By default, emitted instructions carry no debug source location. Use location() to associate subsequent emit() / lazy() / exit() calls with a specific source position (for source-maps and error messages). defaultLocation() removes the override.

getLocation() returns the current forced location (or the location of the original call-site if no override is set), useful for passing to Diagnostics.

Utilities

getClassLoader()

static ClassLoader getClassLoader()

Returns the class-loader used during compilation. Useful for loading resources or classes by name using standard Java APIs.

getResources()

static Iterator<Resource> getResources(String name)

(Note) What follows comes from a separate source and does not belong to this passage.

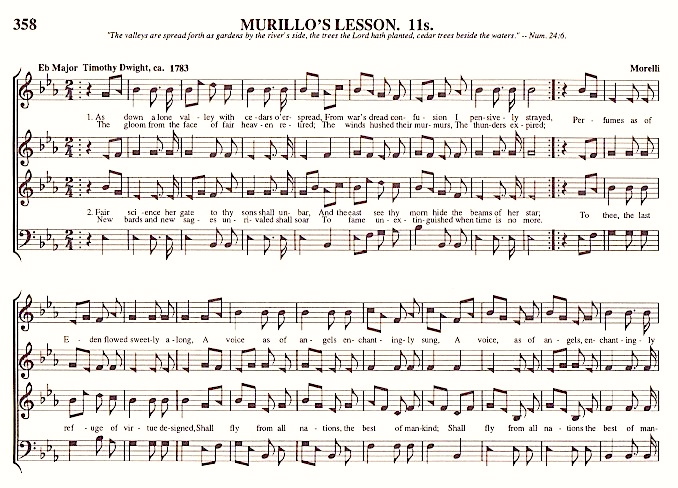 Words are credited to “Dr. Dwight” and music to “Miss M.T. Durham” (although the melody employed is a traditional fiddle tune called “Bonaparte Crossing the Rhine”). Timothy Dwight (1752-1817) was one of the “Hartford Wits,” a group of Connecticut men associated with literary work during and after the American Revolution. Dwight would go on to become president of Yale College, but he was a young man when he wrote his lyric “Columbia” in 1778, when he was a chaplain in for George Washington’s Continental Army. Dwight’s song suggests that America would be the seat of God’s kingdom and Americans its saints, and it was popular for a long time. So popular, in fact that some of the lines were incorporated into another shape-note hymn, “Murillo’s Lesson”

Iterates over classpath resources with the given name. Useful for processing data files at compile time and embedding results as constants in the generated code.

static void initFromConfig(ReflectClass<?> cls) {
    Iterator<Resource> resources = getResources("config.properties");
    while (resources.hasNext()) {
        try (InputStream is = resources.next().open()) {
            Properties props = new Properties();
            props.load(is);
            String val = props.getProperty("key");
            emit(() -> System.out.println(val));  // val is a compile-time constant
        }
    }
}

createClass()

static ReflectClass<?> createClass(byte[] bytecode)

Submits a dynamically-generated class (as raw bytecode) into the compilation unit and returns a ReflectClass<?> for it. The class is treated like any other class — it can be used with proxy(), methods can be invoked via ReflectMethod, etc.